* TASK OBJECTIVE *
The copy you give must match the listing below exactly and contain no pictures.

* SUPPLIED MATERIAL *
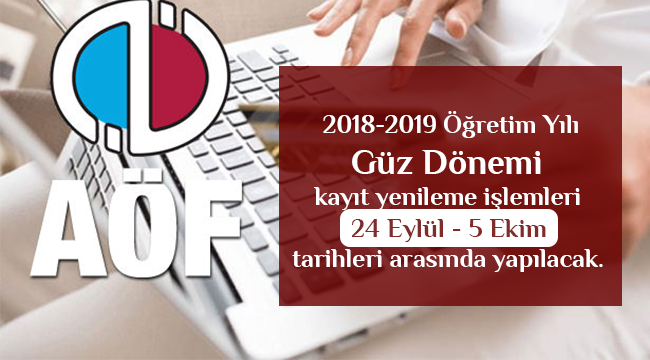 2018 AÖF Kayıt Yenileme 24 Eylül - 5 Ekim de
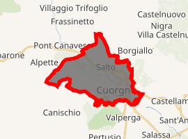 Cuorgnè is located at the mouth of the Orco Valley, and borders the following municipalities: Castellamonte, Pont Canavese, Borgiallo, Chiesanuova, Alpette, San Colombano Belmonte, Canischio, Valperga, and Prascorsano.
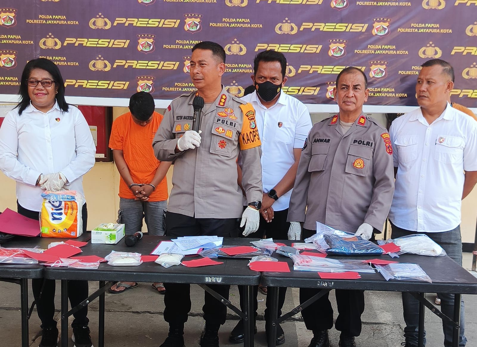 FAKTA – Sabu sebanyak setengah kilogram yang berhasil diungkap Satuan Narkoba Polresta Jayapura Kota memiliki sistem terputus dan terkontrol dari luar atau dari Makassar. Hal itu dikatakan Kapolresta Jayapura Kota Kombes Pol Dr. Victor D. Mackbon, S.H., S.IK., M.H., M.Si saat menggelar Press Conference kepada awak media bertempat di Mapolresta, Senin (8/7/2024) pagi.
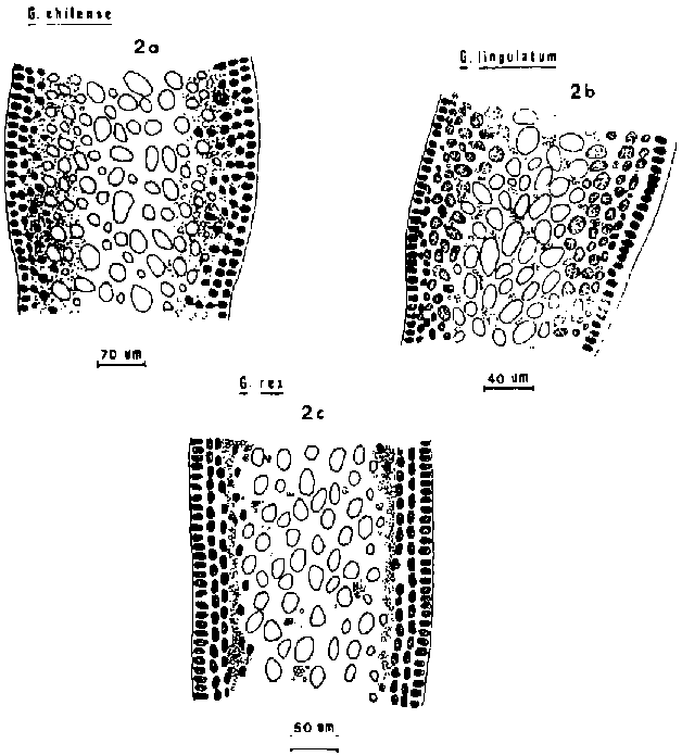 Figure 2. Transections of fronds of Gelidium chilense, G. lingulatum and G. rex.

* TASK OUTPUT *
 2018 AÖF Kayıt Yenileme 24 Eylül - 5 Ekim de
 Cuorgnè is located at the mouth of the Orco Valley, and borders the following municipalities: Castellamonte, Pont Canavese, Borgiallo, Chiesanuova, Alpette, San Colombano Belmonte, Canischio, Valperga, and Prascorsano.
 FAKTA – Sabu sebanyak setengah kilogram yang berhasil diungkap Satuan Narkoba Polresta Jayapura Kota memiliki sistem terputus dan terkontrol dari luar atau dari Makassar. Hal itu dikatakan Kapolresta Jayapura Kota Kombes Pol Dr. Victor D. Mackbon, S.H., S.IK., M.H., M.Si saat menggelar Press Conference kepada awak media bertempat di Mapolresta, Senin (8/7/2024) pagi.
 Figure 2. Transections of fronds of Gelidium chilense, G. lingulatum and G. rex.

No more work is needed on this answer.